What you have to do | When the data below is printed, every line must match exactly and the images must be absent.

══════════

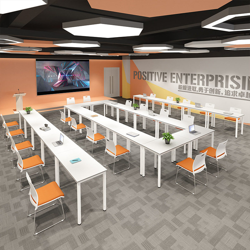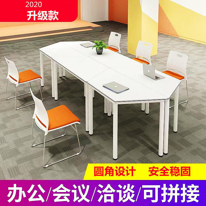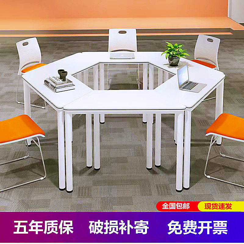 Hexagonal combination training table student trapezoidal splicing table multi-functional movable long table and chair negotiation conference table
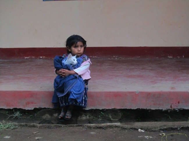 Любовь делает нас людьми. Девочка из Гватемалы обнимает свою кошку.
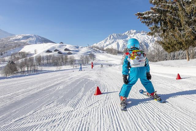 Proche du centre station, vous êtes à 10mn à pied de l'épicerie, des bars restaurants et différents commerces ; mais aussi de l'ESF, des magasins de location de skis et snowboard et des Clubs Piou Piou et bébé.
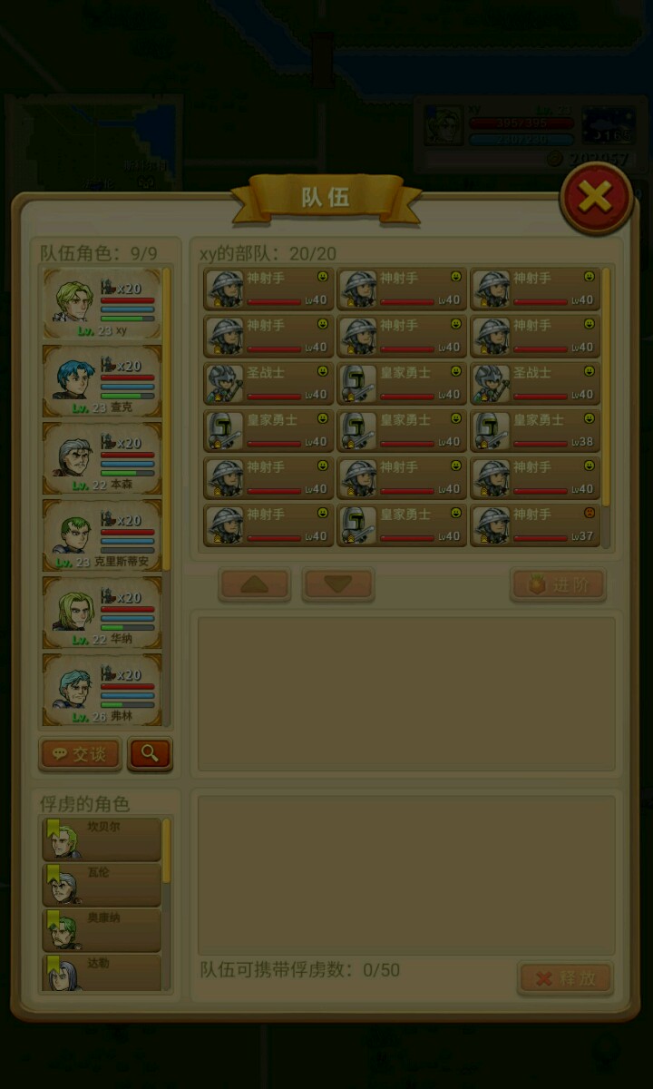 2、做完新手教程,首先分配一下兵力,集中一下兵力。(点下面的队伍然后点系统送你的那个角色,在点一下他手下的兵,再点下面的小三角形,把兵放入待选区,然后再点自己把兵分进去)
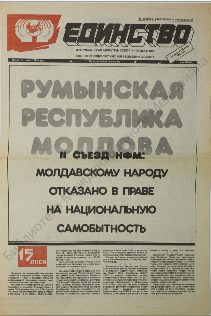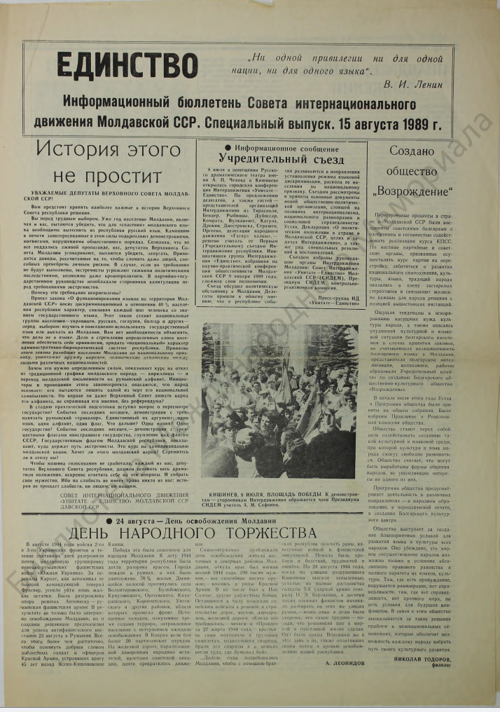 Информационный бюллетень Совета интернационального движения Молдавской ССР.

══════════

Exercise output |
 Hexagonal combination training table student trapezoidal splicing table multi-functional movable long table and chair negotiation conference table
 Любовь делает нас людьми. Девочка из Гватемалы обнимает свою кошку.
 Proche du centre station, vous êtes à 10mn à pied de l'épicerie, des bars restaurants et différents commerces ; mais aussi de l'ESF, des magasins de location de skis et snowboard et des Clubs Piou Piou et bébé.
 2、做完新手教程,首先分配一下兵力,集中一下兵力。(点下面的队伍然后点系统送你的那个角色,在点一下他手下的兵,再点下面的小三角形,把兵放入待选区,然后再点自己把兵分进去)
 Информационный бюллетень Совета интернационального движения Молдавской ССР.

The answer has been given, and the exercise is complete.